Transducer post 2

Project_Breakdown

Electret_X_Sect_JFET

For this discussion I am assuming all electret microphone modules are manufactured with a JFET manufactured in place. With that assumption out of the way, lets begin remind ourselves why we picked an electret microphone. First, they are very economical, to the degree where the cost is dominated by shipping if you are getting a small amount (<$1 each), and second, they are fairly high sensitivity. But, while they have decent sensitivity, it is typically lower than a externally polarized condenser (a “pure” condenser).

My first thought to ameliorate this shortcoming of sensitivity was to use an array of them, but that isn’t a trivial question either. Do you put them in series or parallel? Will it help? Is it practical? If it works and is practical, how many will be needed?

Back to the pump analogy! Lets say you have two of these pumps and you want more flow, but there is a limit on how much faster they can spin, what do you do? Well if they are in series, remember that the flow rate is wholly determined by the pumps rotation speed, so if one pump is spinning at 1000 RPM and the second pump is in series it *must* spin at the same rate so that it doesn’t fight the first pump. The amount of pressure generated by each pump is halved which poses some benefit, but it doesn’t get more flow. In the example below it shows what happens if they are ideal pumps at different rates, in the proximal pump is too fast, it will pressurize the region between the pumps and potentially burst a pipe (more likely it will stall).
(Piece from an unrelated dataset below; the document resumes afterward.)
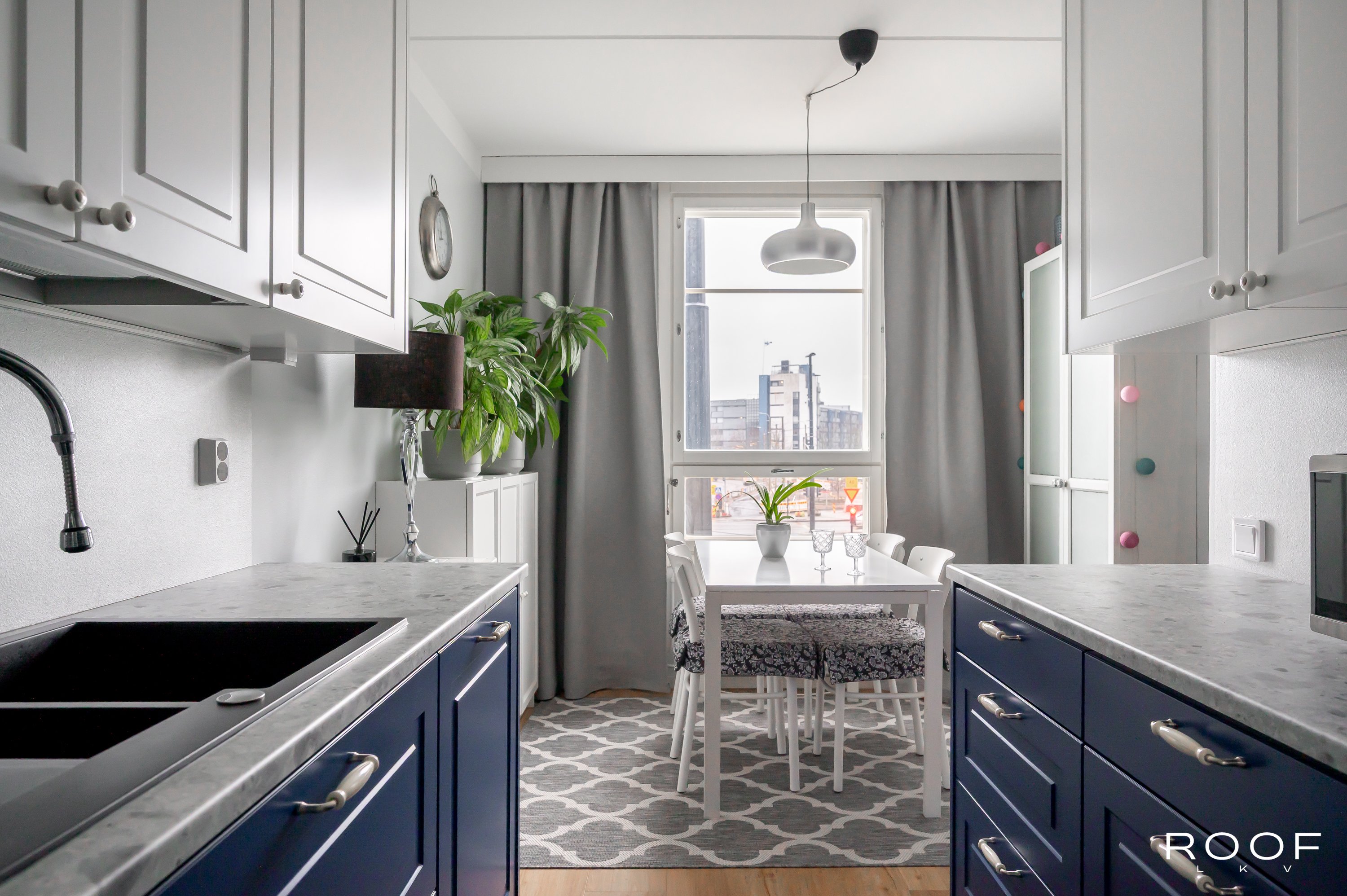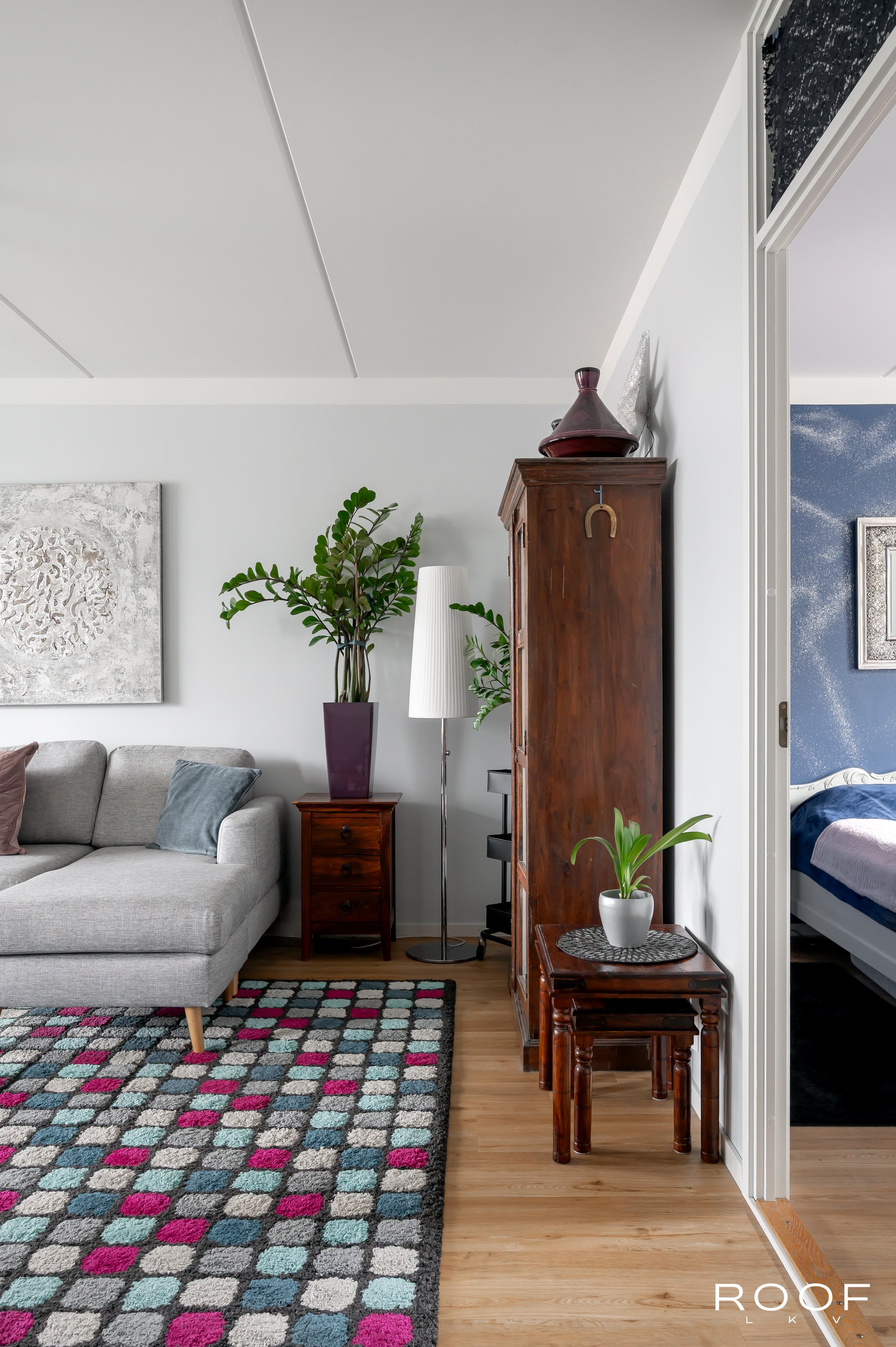 Pohjaratkaisu koostuu olohuoneesta, keittiöstä, makuuhuoneesta ja kylpyhuoneesta. Keittiössä on hyvin säilytys- ja laskutilaa, makuuhuoneesta löytyy kaappitilaa seinän leveydeltä. Kylpyhuoneeseen mahtuu pesukone. Asuntoa on remontoitu vuosien 2022-2023 aikana, jol...
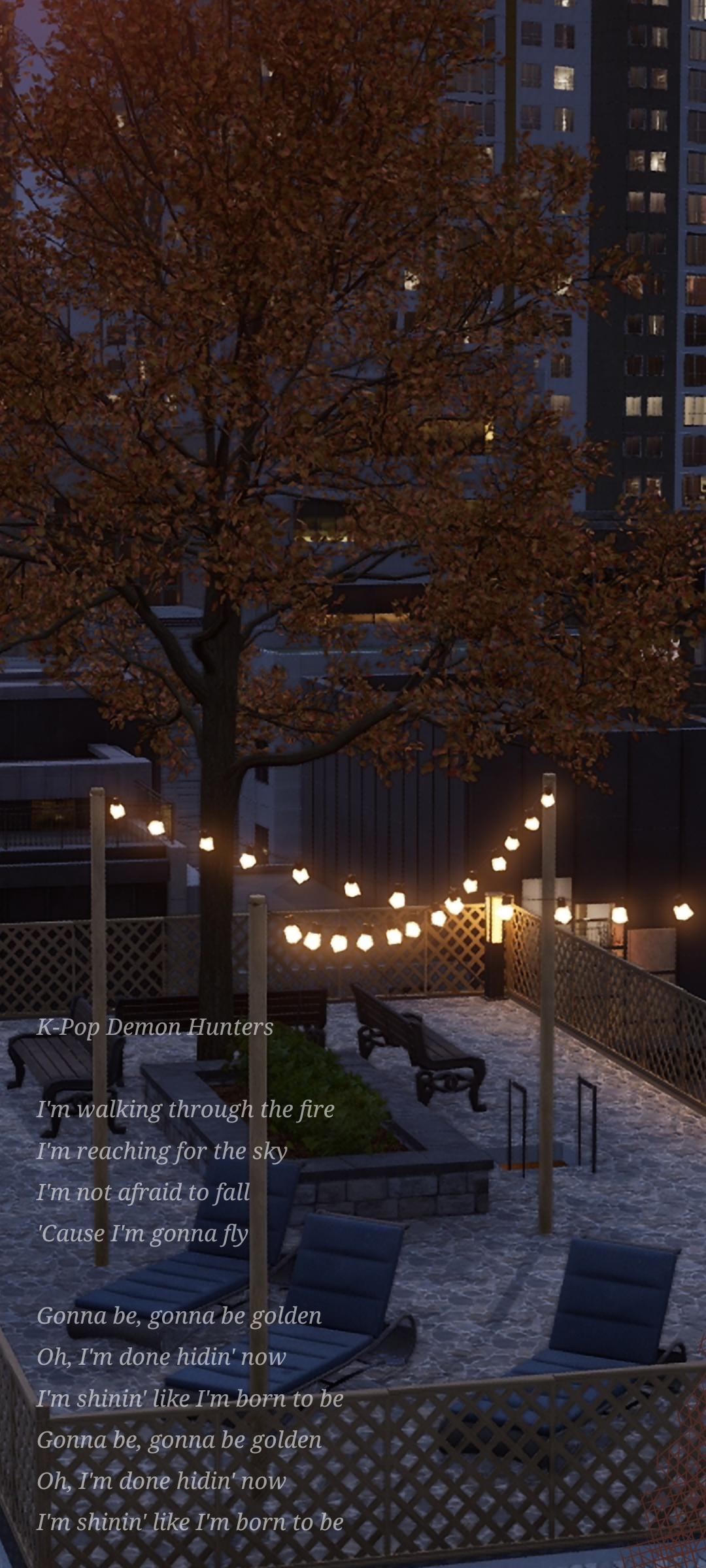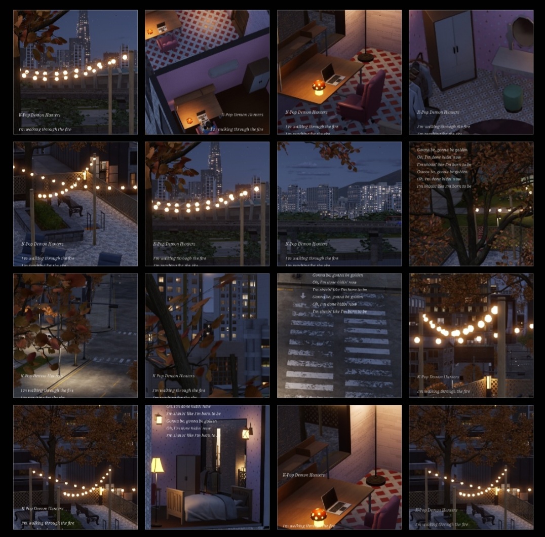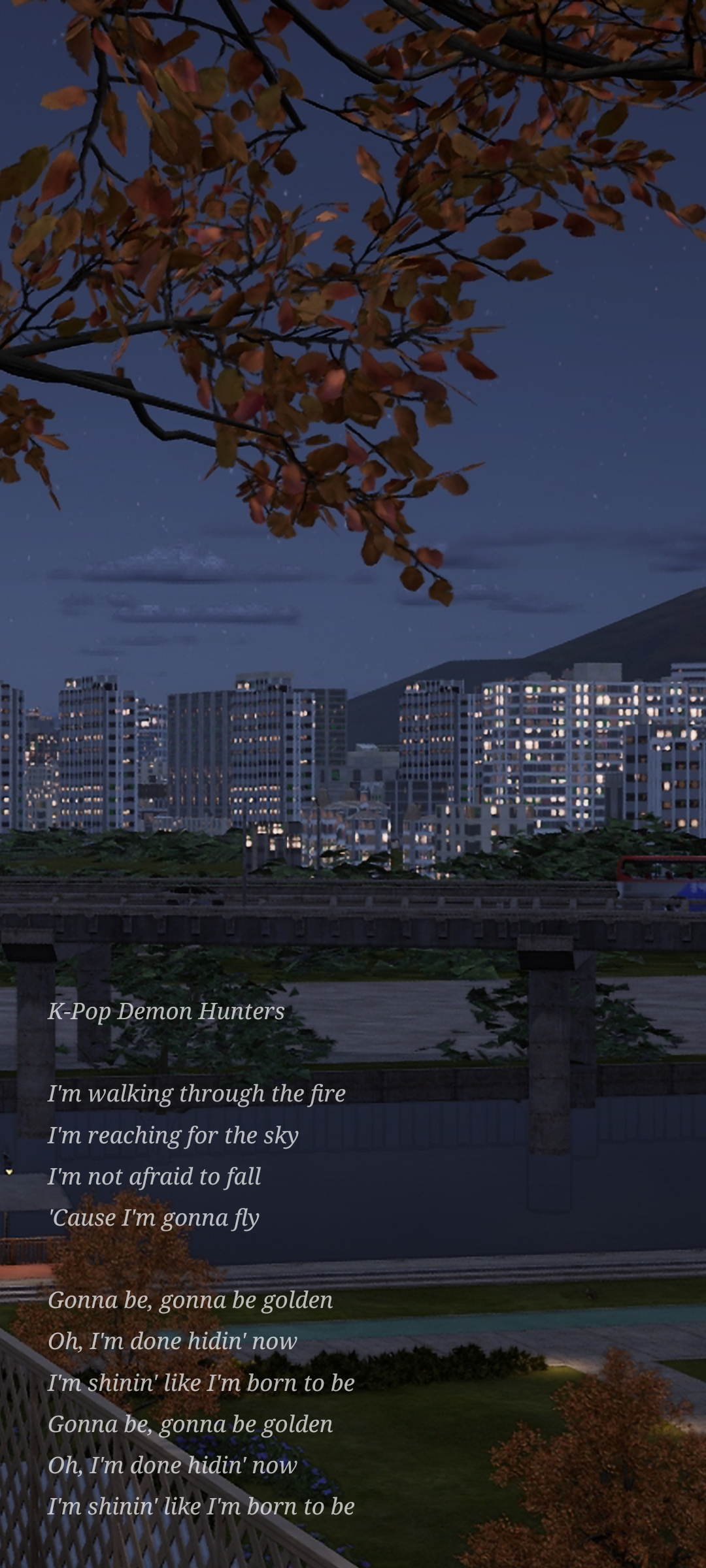 케이팝 데몬 헌터스의 활약 무대가 된 한국의 현대적 도시 3d 배경이미지와 아이돌 그룹의 명곡 가사를 녹인 폰바탕화면입니다. 야간조명의 풍경이므로 폰화면의 눈부심과 시각적 피로감을 줄여주며 깔끔하고 시원한 가을 풍경을 선물합니다!

If the proximal (first) pump is slower, then the region between the pumps will become very low pressure and potentially cavitate. Electret_X_Sect_JFET

SIDE NOTE There is a glaring error with this figure with the three series pumps, if anybody even makes it this deep into these pages I’d be interested if somebody catches it. The answer is at the bottom.

Now, let’s look at the case of parallel flows. If the pumps are both spinning at 1000 RPM and at that rate it pumps 1 liter per minute (arbitrary value), the net flow is 2 liters per minute. What is there is a slight mismatch, say because they were built to different specifications or there was noise in the control circuit? One pump now turns a bit too fast at 1100 RPM, and expels 1.1 liter per minute and the other is at 900 RPM and 0.9 LPM. The net flow is still 2 LPM, but no pipes burst or cavitated! Woohoo!

Electret_X_Sect_JFET

Now that we have this mechanistic understanding, does it translate to circuits? For now I don’t have the actual microphones so we need to live with LTSpice. In the series of screen shots below, the following can be observed: (i) when in series, the JFETS and resistor all carry the same current (are demanded by KCL). (ii) when in series, the Vout is the same as when there is only one JFET connected. (iii) When parallelized, current doubles through the resistor, and as a corollary the Vout doubled.

Looking at the case with only one JFET (the other is shunted to ground), Vout is ~1mV pk-pk/.

Electret_X_Sect_JFET

If we add a second in series the voltage out doesn’t substantially change. Electret_X_Sect_JFET

In parallel the voltage doubles. Electret_X_Sect_JFET

Below are the current scopes (they are over lapping in many cases). Electret_X_Sect_JFET

Electret_X_Sect_JFET

Electret_X_Sect_JFET

I’m not going to take screen shots for the noise measurements in LTSPice, but the syntax is “.noise V(Vout) V1 oct 100 100 100k” which means look at the nosie at Vout from V1 with 100 points per octave from 100Hz to 100kHz.

When there is only one JFET: Noise is 4.56nV/sqrt(Hz) at the asymptote and signal was ~1mV so SNR for a 10kHz bandwidth, the SNR is 1mV / (4.56nV/sqrt(Hz)x sqrt(10kHz)) = ~2000

With series JFETS noise is 3.8nV/sqrt(Hz) This gives an SNR of ~2600

With JFETS in parallel, signal is now ~2mV pk-pk and noise is 5.75 nV/sqrt(Hz) This gives an SNR of ~3500.

This nearly exactly reflects the theoretical value of a sqrt(2), or a 1.4x improvement. The reason you would expect a sqrt(2) improvement is that the signal has doubled but a true (incoherent) noise will grow with the RMS of the amplitudes. So signal is 2x and noise is (sqrt(N^2+N^2) where N is the noise figure of one JFET.

The other subtlety of this is that the resistor value should, in practice, decrease in value so that the operating point stays the same throughout.

But alas, I’m getting tired. So, to summarize we can add these electret microphones in parallel, but the benefit quickly decays and quiescent current linearly rises which might have negative implications if it is battery powered.

The big error in the series pumps figure.

I corrected it in the other two pump figures, but if you are familiar with the way gear pumps work, they spin so the teeth pull water around the outside of the housing and the center interference is a tight enough fit so no water can get between the teeth in the middle. AvE on YouTube has a bunch of tear-downs of gear pumps I believe. Anyway, it’s sad I spent so long drawing these and didn’t notice that until I posted this page. But oh well, I like keeping these mistakes up.